Version 1.1
Authors: Yan Miao, Fu Liu, Yun Liu
Maintainer: Yan Miao [email protected]
This package provides a deep learning method for identification of viral contigs from metagenomic data in a fasta file. The method has the ability to identify viral contigs with short length (<500bp) from metagenomic data.
The prediction model is a deep learning based Recurrent Neural Network (RNN) that learns the high-level features of each contig to distinguish virus from host sequences. The model was trained using equal number of known viral and host sequences from NCBI RefSeq database. Before training, those known sequences were firstly split into a number of non-overlapping contigs with a length of 500bp and then were encoded by transforming (A, T, G, C) to (1, 2, 3, 4), respectively. For a query sequence shorter than 500bp, it should be first zero-padded up to 500bp. Then the sequence is predicted by the RNN model trained with previously known sequences.
To utilize RNN-VirSeeker, Python packages "sklearn", "numpy" and "matplotlib" are needed to be previously installed.
In convenience, download Anaconda from https://repo.anaconda.com/archive/, which contains most of needed packages.
To insatll tensorflow, start "cmd.exe" and enter
pip install tensorflow
Our codes were all edited by Python 3.6.5 with TensorFlow 1.3.0.
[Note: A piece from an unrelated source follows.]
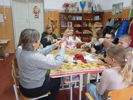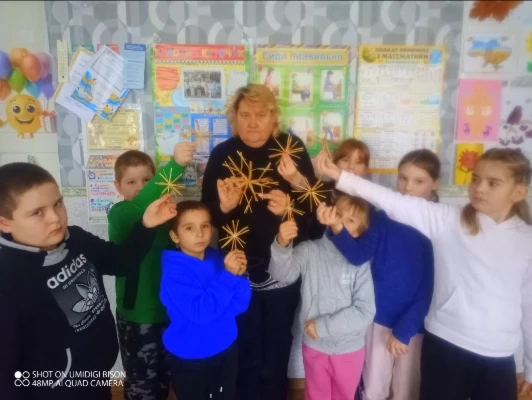 Для проведення майстер-класу із виготовлення дідуха діти заздалегідь підготували природні матеріали: колоски пшениці й жита, калину та сухоцвіти. Разом із вчителем Валентиною Фабриковою вони крок за кроком створювали цей різдвяний символ. Під час роботи педагог розповіла дітям про мету майстер-класу: зберегти українські традиції та показати, що дідух є символом добробуту, миру та родинного тепла. Учні дізналися про призначення дідуха в українській культурі та чому він завжди є важливою частиною різдвяних свят.

It is simple to use RNN-VirSeeker for users' database.
There are two ways for users to train the model using train.py
.
- Using our original training database (containing 4500 viral sequences and 4500 host sequences of length 500bp)
"rnn_train.csv"
.
Users can utilize the trained model directly to test query contigs. Or you can make some changes to the hyperparameters, and then retrain the model. - Using users' own database in a ".csv" format.
- Firstly, chose a set of hyperparameters to train your dataset.
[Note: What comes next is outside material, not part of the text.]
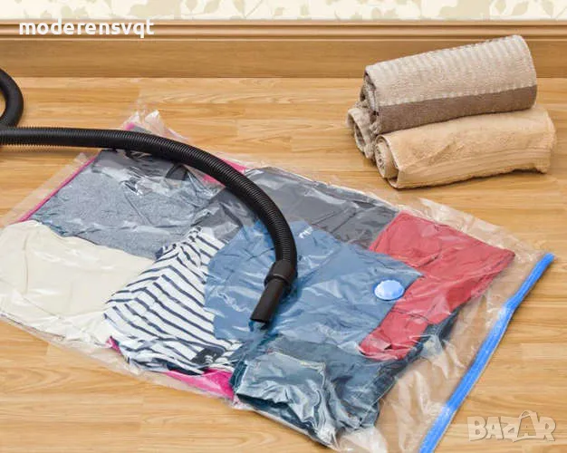СПЕСТЯВАНЕ НА МЯСТО - просто опаковайте нещата си в чанта. Торбичка за прахосмукачка След като изсмуче въздуха с обикновена прахосмукачка, тя намалява обема си с до 80% . Позволява ви да спестите много място.

- Secondly, train and refine your model using your dataset according to the performance on a related validation dataset.
- Finally, utilize the saved well trained model to identify query contigs. Note: Before training, set the path to where the database is located. All labels should be encoded to one-hot labels.
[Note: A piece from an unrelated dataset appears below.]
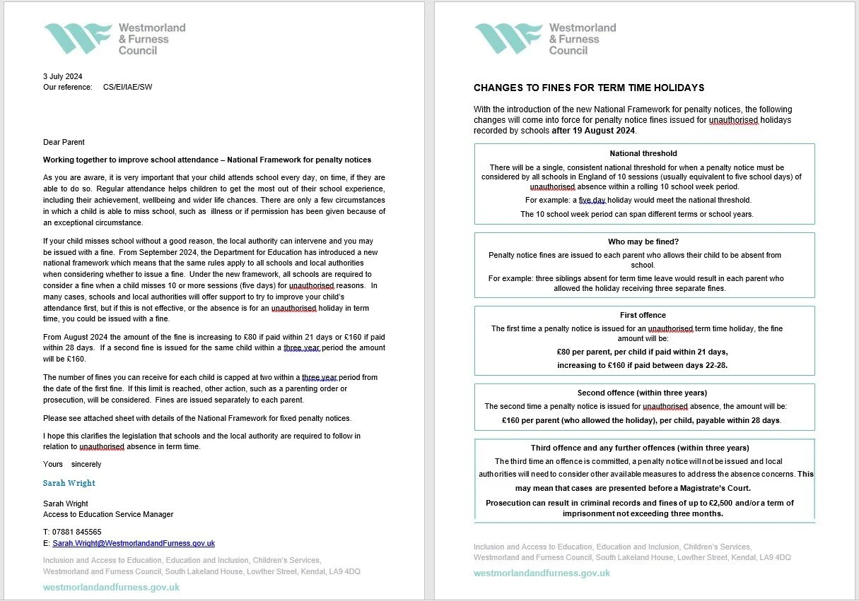 Westmorland & Furness Council - Leave of Absence in Term Time

To make a prediction, users' own query contigs should be edited into a ".csv" file, where every line contains a single query contig. Through run.py
, RNN-VirSeeker will give a set of scores to each query contig, higher of which represents its classification result. To specify where the csv files are stores, use ./run.py --help
.
Copyright (C) 2019 Jilin University
Authors: Yan Miao, Fu Liu, Yun Liu
This program is freely available as Python at https://github.com/crazyinter/RNN-VirSeeker.
Commercial users should contact Mr. Miao at [email protected], copyright at Jilin University.
This program is distributed in the hope that it will be useful, but WITHOUT ANY WARRANTY; without even the implied warranty of MERCHANTABILITY or FITNESS FOR A PARTICULAR PURPOSE. See the GNU General Public License for more details.